Throughout the history of the church, numerous questions have been raised over the statement in the Apostles’ Creed affirming the descent of Christ into hell, and some churches choose to omit these words in their liturgical observances. During the Reformation era, however, the vast majority of Christians continued to affirm this traditional teaching of the church, though it was understood by scholars in a number of ways. While some understood descent literally, suggesting Christ physically descended into the locale of a hell, others suggested descent was a synonym for burial, others a metaphor for his sufferings, and still others suggested that descent referred to his acceptance of the curse of death. Lutheran theologian Nikolaus Selnecker (1530-1592), in commenting on Psalm 16:10, exemplifies the literalist position, arguing that Christ’s physical descent into hell is a doctrine drawn directly from the pages of Scripture.
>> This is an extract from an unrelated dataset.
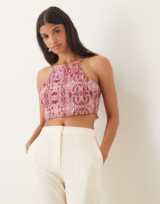 Collective The Label Tie back cropped cami top in raspberry snakeskin

In these words the article of the Lord Christ’s descent into hell is based. This article has been disputed by many who say that the ancients did not have this little phrase—“descended into hell”—in their symbol or in their Creed. Such errors should be diligently refuted with God’s Word. For we believe and confess truthfully that he descended into hell and released all Christians captive to the devil, and removed all the devil’s power so that he can no longer harm us. For us he went below, so that we would not enter hell and remain there forever.
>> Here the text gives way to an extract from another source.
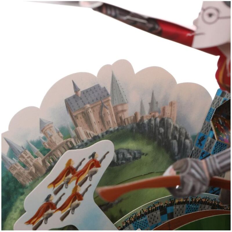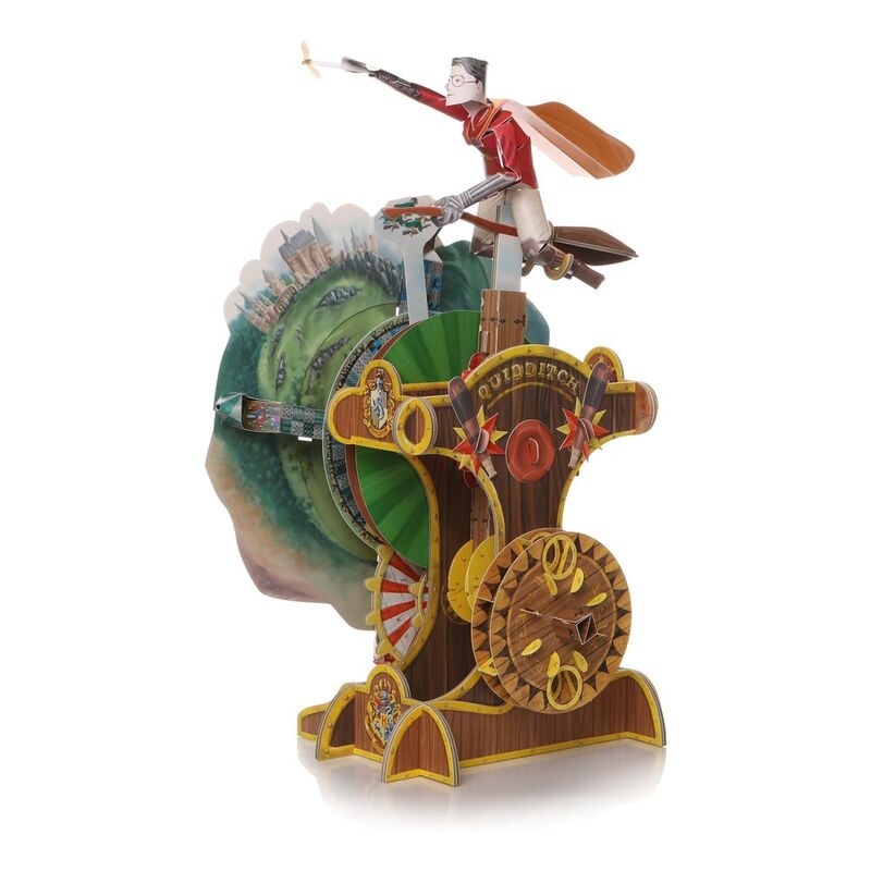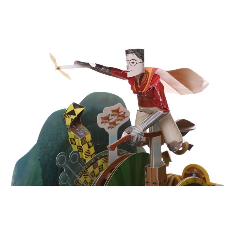 This mechanical card model of Harry Potter playing Quidditch is a must-have for every Wizarding World fan! This is a feat of cardboard engineering, utilising an impressive array of mechanical principles, including a crankshaft, gears with different ratios, and a central crank slider. And it is all assembled with no glue, cutting or other materials required! Inside youll find several sheets of press-out card pieces, each expertly illustrated and designed to build this spell-binding structure. When the model is complete, turn the front wheel to activate the cog machinery and see every part move independently.

So, the words of this psalm are clear: “You will not leave my soul in hell.” For from this it follows undeniably that the Lord descended into hell, as also Psalm 30 says: “Lord, you have led my soul out of hell.” And Psalm 86: “Your goodness is great over me, and you have saved my soul from the depths of hell.” So also Saint Paul says in Ephesians 4 “that Christ ascended, what is this other than that earlier he descended into the lower regions of the earth?” Therefore it is a harmful error that the Papists pretend that this article of faith—“descended into hell”—has no basis in Scripture but that it is merely a tradition of the church. And with this they agree who say that the word Sheol, “hell,” in Scripture means nothing other than the grave. As a result of this clever trick the articles of faith will be weakened and in the end not one will be affirmed. . . . What would we be able to say about eternal damnation? And many other horrid errors would follow if the word Sheol should mean a grave every time in Scripture.
Psalms 1-72, ed. Herman J. Selderhuis, Reformation Commentary on Scripture, OT vol. 7, pp. 125-26.